"Марк Гиршин. Дневник простака: Случай в гостинице на 44-й улице " - читать интересную книгу автора

который почти каждую неделю просит прибавки. Такие мысли. Агентша о них,
конечно, не догадывается. Наверное, спит себе сейчас и курей бачит, как у
нас говорят, потому что уже очень поздно. Я бы хотел иметь такую комнату,
как у агентши, солнечную, с книгами, и чтобы крыши домов были далеко внизу.
А в комнату чтоб приходила Нола. Сегодня на перемене Рита кричала на весь
коридор:
- Алик, что это значит! Ты уже мне изменил? Завел себе какую-то кралю и
забыл старых друзей. Кто она такая? И такой с виду скромный мужчина.

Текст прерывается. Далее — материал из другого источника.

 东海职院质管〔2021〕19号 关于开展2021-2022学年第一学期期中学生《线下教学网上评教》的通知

Мне было неловко. Мы с Ритой присели в холле, где все собираются на
перемене. Она курила и тянула из баночки какое-то питье, я ей купил в
автомате. Настроение у нее неважное. Она опять без работы. Наверное, подвел
диплом института красоты. А ОМО каждый раз, как говорит Рита, "откалывает
коники", и надо со скандалом вырывать у них деньги на жизнь. В последний раз
Рита им заявила, что если не дадут денег, то она выйдет на Бродвей, это как
раз близко от ее гостиницы. Вы смеетесь, Алик? А что такое? Я приехала
голодать в Америку? В это время к ней подошел какой-то парень в приталенной
кожаной курточке и синих очках, и они о чем-то стали говорить в сторонке.
Интересно бы узнать у Риты, сколько стоит сделать прическу. Ведь
агентше и на это приходится тратиться ради престижа фирмы. Меня трогает
стойкость этой моложавой старушки.
Опять экономлю хозяину гостиницы электроэнергию, пишу при чужом свете.

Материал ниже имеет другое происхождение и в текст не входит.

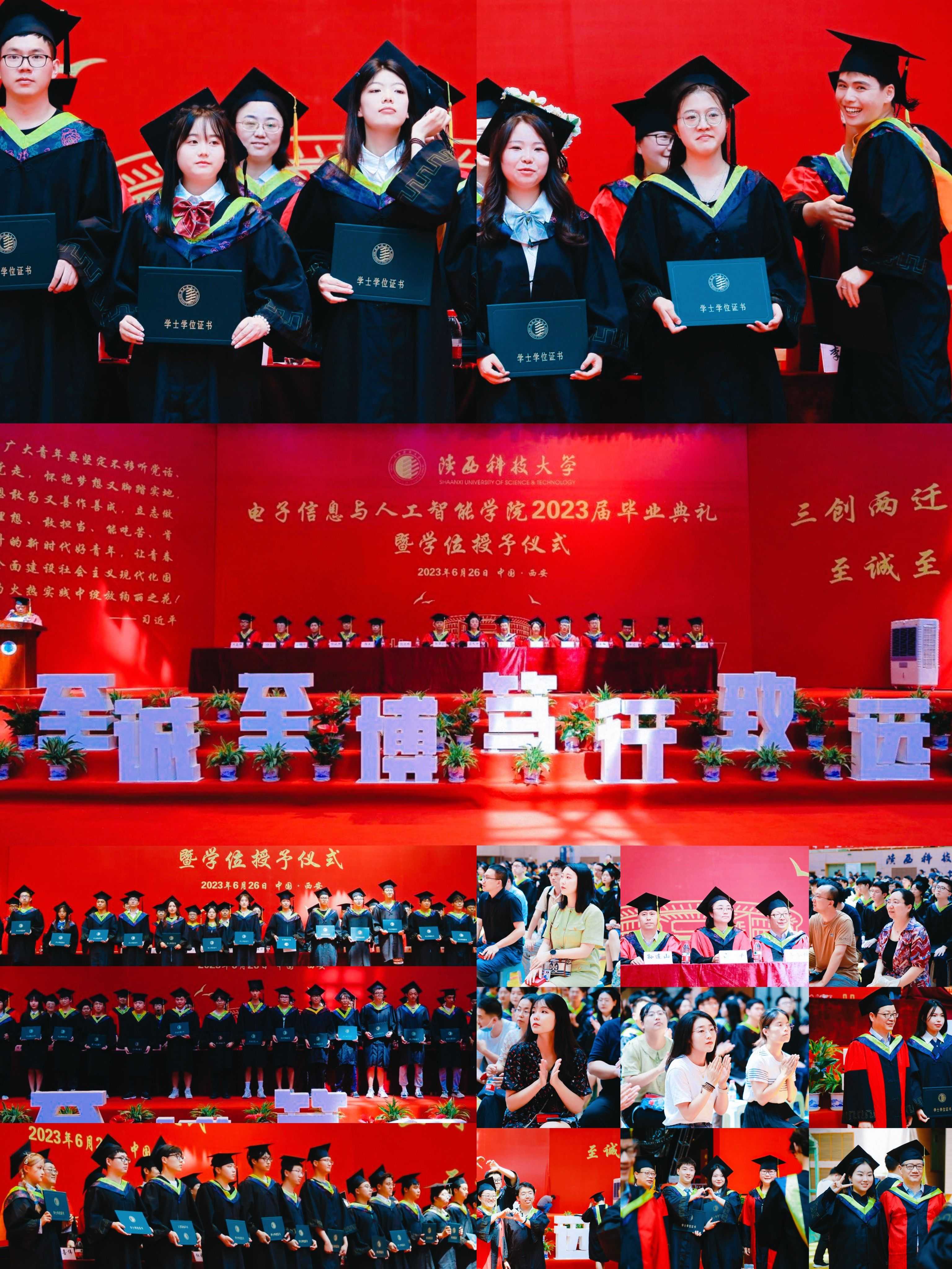 為營(yíng)造溫馨的畢業(yè)氛圍,電智學(xué)院精心策劃了2023屆畢業(yè)典禮暨學(xué)位授予儀式,全院在崗教師悉數(shù)到場(chǎng)送畢業(yè)生最后一程。典禮上光電系主任張方暉老師以真摯、誠(chéng)懇、樸實(shí)語(yǔ)言作為教師代表致辭,表達(dá)了學(xué)院對(duì)畢業(yè)生的祝福與期許。畢業(yè)生代表計(jì)算機(jī)191班杜潔瓊從回憶、感念、致敬、感恩等方面,表達(dá)了畢業(yè)生對(duì)母校的不舍,表達(dá)了對(duì)師長(zhǎng)的感恩。學(xué)院黨政領(lǐng)導(dǎo)、專任教師,逐一為畢業(yè)生扶正流蘇,頒發(fā)學(xué)位證,贈(zèng)送定制的畢業(yè)禮品并親切合影留念。
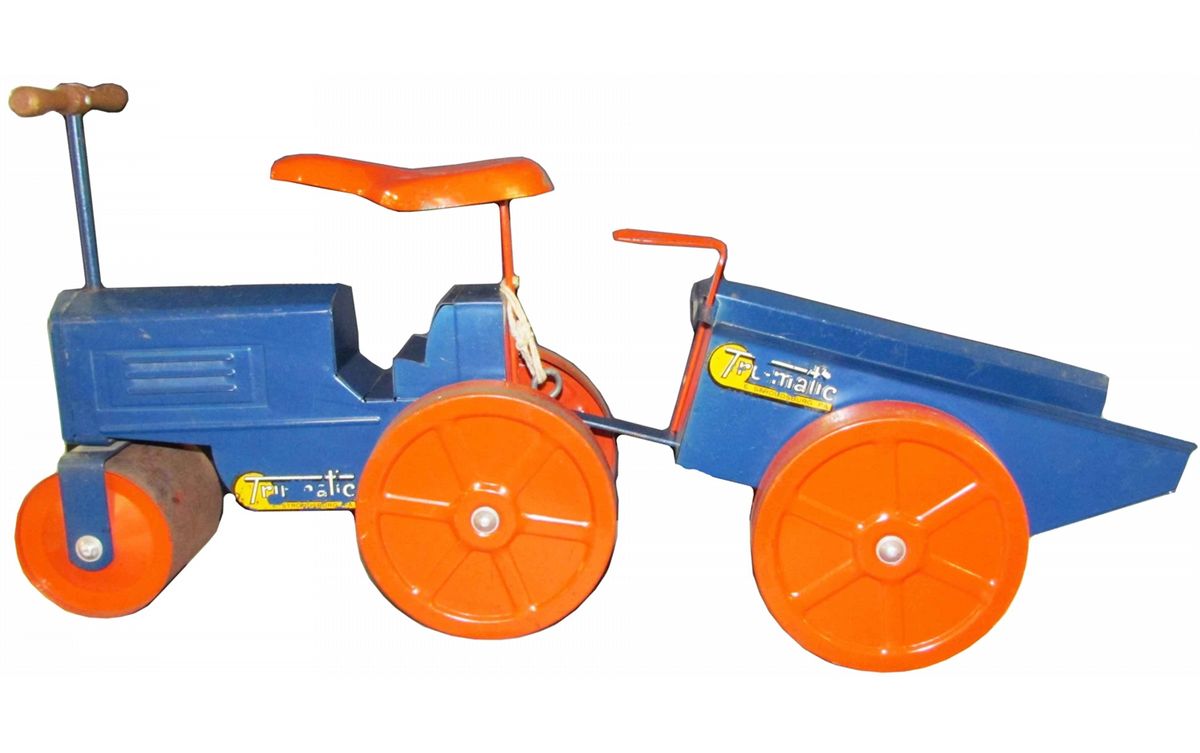 1930's Tru-matic Pressed Steel Sit and Ride Steam Roller with trailer. Very good all original condition. 38 inches overall.

Интересно, чем закончится дело с этими грабителями в незаправленных
рубашках, нашли уже их? Я спросил диккенсовского уродца, а он мне в ответ:
"Кэй?.."

Конец сентября или начало октября

Ничего нового. Ночью опять звонил этот чудаковатый Ган. Когда он
говорил, ни с того ни с сего вспомнил, как в моем городе ходили по дворам
красные от водки старые евреи с мешками за плечами и кричали, раздувая шеи:
"Стари вешш!.. Стари вешши покупаем!.. Бутылки покупаем!" Однажды я скупщика
позвал. Гремя по железной лестнице подкованными сапогами, он поднялся
наверх. Шумно дышал. Кто сейчас носит зимнее пальто, возмущался. У вас есть
нейлоновая куртка? Японская? Так что вы меня зовете? Вы не видите, я больной
человек! Засуньте это пальто мне сюда в мешок и больше так никогда не
делайте. Нате вам рубль. Совесть надо иметь.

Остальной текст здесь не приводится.